Українська правда

AI speaks: 10 chatbots and voice assistants for communication

AI speaks: 10 chatbots and voice assistants for communication
0000000000000000
0

In March 2023, Microsoft CEO Satya Nadella predicted in an interview with the Financial Times that new conversational artificial intelligence would develop more actively, as old voice assistants are "dumb as a rock." As we can all see, the tech world is now full of a new type of virtual assistant: chatbots. These AI-powered bots, such as the famous ChatGPT by OpenAI, can quickly improvise, answer questions, and communicate.

OpenAI recently completed its long-awaited funding round, raising $6.6 billion from investment and large technology companies. Among the investors are Microsoft, NVIDIA, and SoftBank. OpenAI is now valued at $157 billion. The hype around chatbots shows that Siri, Alexa, and other voice assistants that once generated a lot of enthusiasm are losing their leadership position in the AI race. Assistants and chatbots are based on different types of AI. Chatbots are powered by so-called large language models, which are systems trained to recognize and generate text based on huge amounts of data collected from the Internet. They can also suggest words to complete a sentence. And the well-known assistants are primarily command and control systems.

So we decided to figure out in which direction AI-powered conversational technologies are moving so rapidly, and made a selection of old and new AI services that you can talk to.

What is conversational AI?

Conversational AI refers to a technology that allows machines to interact with humans in a conversational manner using natural language processing, machine learning, and other artificial intelligence techniques. Conversational AI systems are widely used in various applications, chatbots, voice assistants, platforms, and customer support services. If you dig into the history of artificial intelligence, you will find out that one of the important goals of AI research was to enable computers to communicate in natural languages, such as English. An early success was scientist Daniel Bobrow 's STUDENT program, which could solve high school algebra problems.

But the ELIZA program by scientist Joseph Weizenbaum, written in 1966, could conduct conversations that were so realistic that users sometimes made the mistake of thinking they were talking to a person rather than a program. This virtual interlocutor imitated a dialog with a psychotherapist, implementing the technique of active listening.

A conversation with Eliza

The program was named after Eliza Doolittle from the play Pygmalion by Bernard Shaw, who was taught the language of "upper class people". The program basically just paraphrased the user's statements using a few grammatical rules. ELIZA was the first chatbot.

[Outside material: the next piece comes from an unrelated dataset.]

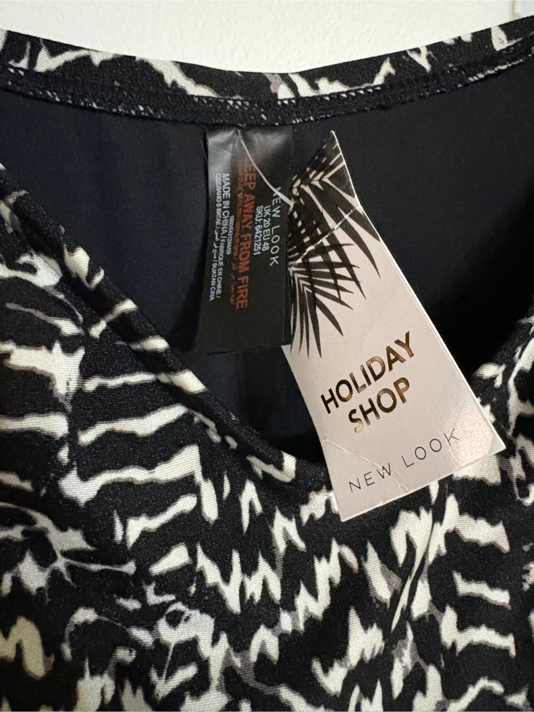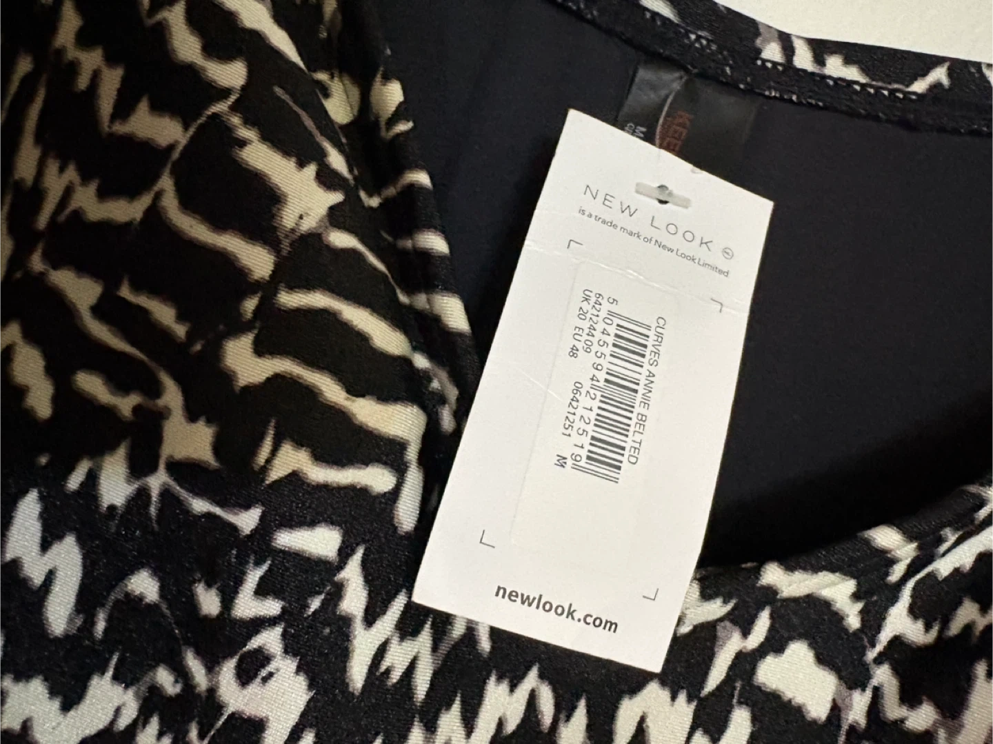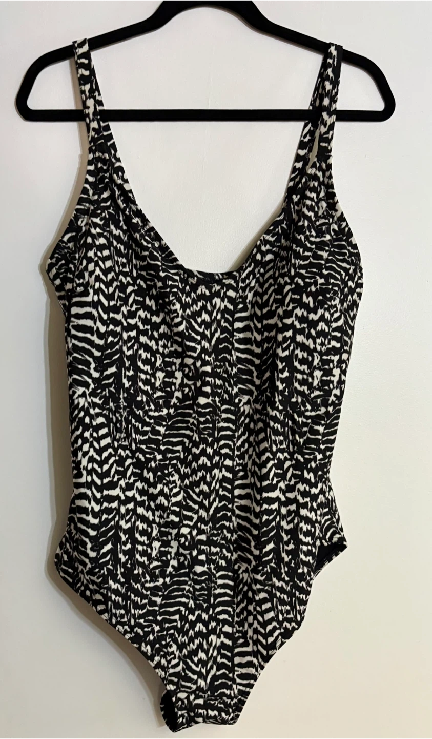 Selling a New Look Curves Annie Belted swimsuit. It's a size 18 and features a stylish black and white pattern. Perfect for your next trip to the beach or pool! New with tags, missing the belt.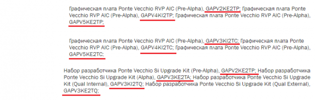 Есть у декларируемых образцов и свои артикулы: GAPV2KE2TP, GAPV4KI2TP, GAPV5KE2TP, GAPV3KI2TC, GAPV4KI2TC и GAPV5KE2TC. Этим ограничивается перечень изделий, конструктивно напоминающих графическую плату. Третий блок посвящён описанию наборов для разработчика, которые имеют артикулы GAPV2KE2TP, GAPV3KE2TA, GAPV3KI2TQ, GAPV3KE2TQ. Первый из них совпадает с одним из артикулов графических плат, упоминаемых выше. Скорее всего, конструктивно все эти изделия напоминают видеокарты, просто в комплекте для разработчиков к ним прилагается что-то ещё.

Around 2018, the term large language model (LLM) was coined. This is a language model consisting of a neural network with many parameters (from tens of millions to billions) trained on a large amount of unlabeled text using self-guided or semi-supervised learning. These models perform well on a variety of tasks. Models like GPT-3, released by OpenAI in 2020, and Gato, released by DeepMind in 2022, have been described as important machine learning advances.

In 2023, Microsoft Research tested the large GPT-4 language model on a wide variety of tasks and concluded that "it can be tolerably considered an early version of a strong AI system." But already in 2024, OpenAI demonstrated a new, advanced voice mode for ChatGPT capable of supporting human-like conversation. Google started integrating its Gemini chatbot into mobile devices. It seems that in 2025, we will see these capabilities appear on more and more devices, allowing for more natural voice communication.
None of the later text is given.